The Great Southwell Landslip occurred in 1734 on the Isle of Portland, Dorset, England near the southerly village of Southwell and extended for a length of 1.5 mi between Durdle Pier and Freshwater Bay. It remains Britain's second largest recorded historical landslide.

==Geological factors==
Cracks and gullies within the cliffs had allowed rain water to percolate through the layers of Purbeck Beds, Portland Limestone and Portland Sand to the underlying impermeable Kimmeridge Clay, and the accumulation of water had weakened the structure between the strata. Because the island tilts to the south and the east, this allowed the overlying strata to slip.

==Effects==
At St Andrew's Church a large section of the graveyard slipped down the cliff. A survey of the old church found that repairs would cost at least half as much as a new building. Consequently the church was closed and partly demolished in July 1756. Much of the stone was taken for use in local domestic dwellings. St George's Church was soon built at Reforne between 1754 and 1766, near Easton village, to replace the church.

==Subsequent history==
Since the landslip the area south of Church Ope Cove has been given the local name of Southwell Landslips. The cliff face has been subject to extensive quarrying, and subsequent smaller landslips have tilted huge masses of rocks at odd angles.

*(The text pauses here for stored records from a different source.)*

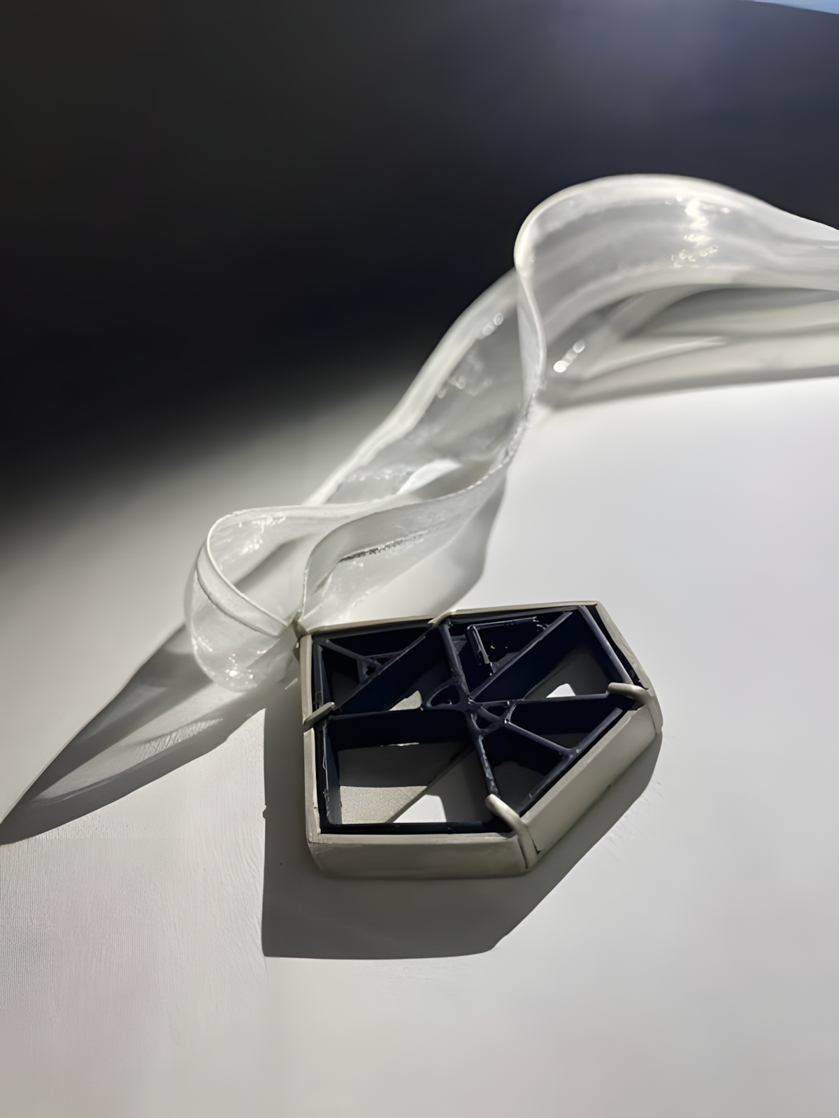 The resin cast is not completely solid and features negatives spaces. This allows for portions of the silver metal to be visible when looking at the medal from the front. This can be seen in the example drawing above where the darker shaded areas represent the metal that is visible. The setting its self also has negative space with two upsides down triangles pierced out this again can be seen as the pure white triangles on the example triangle. The use of negative space through out the medal is designed to create a sense of depth. The overall design and manufacture of the medal is structured in a way to represent techniques that are associated with fine jewellery as well as contemporary jewellery where there is freedom to be experimental hence the use of resin casting which gives the medal a balanced feel of luxury and artistry.
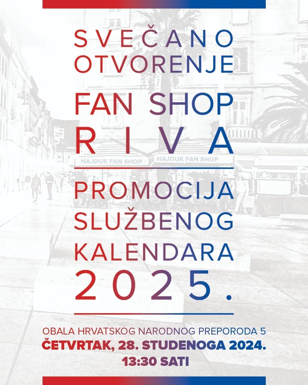Na Marmontovoj ulici u Splitu, u četvrtak, 28. studenog 2024. godine, od 13:30 sati, održat će se svečano otvorenje Fan Shopa i predstavljanje novog Hajdukovog kalendara za 2025. godinu.
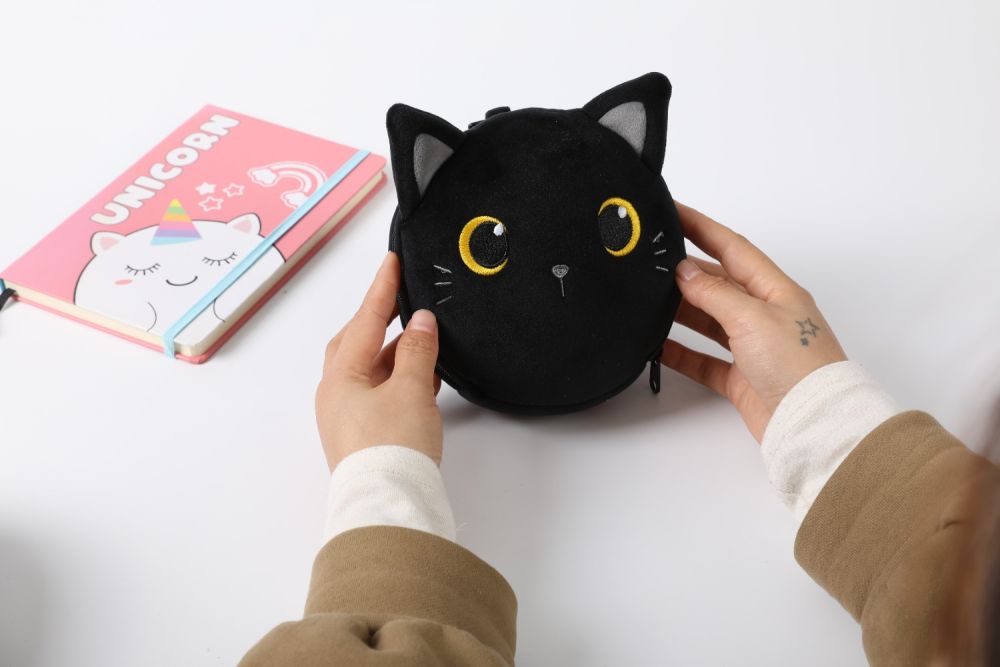Jesteś typem śpiocha w trakcie długiej podróży? Polecamy Ci znakomitą poduszkę z opaską na oczy, która umili Ci niejedną wycieczkę! Pluszowa poduszka zapinana na zamek z wizerunkiem czarnego kota z przenikliwymi oczkami będzie wspaniałym towarzyszem nie tylko dla dziecka w podróży na wymarzone wakacje.

Along this part of the coastline much of Portland's raw sewage once poured into the sea from an exposed pipe. An expensive scheme was completed to pump all Portland's sewage to Weymouth.

The area is to be a new nature reserve, created as part of a housing development north of Weston Road and to the south-east of Perryfields, and the existing Perryfields Butterfly Reserve and SNCI. In the north-eastern corner of Coombefield is the working Pennsylvania Quarry, which has existing wildlife value.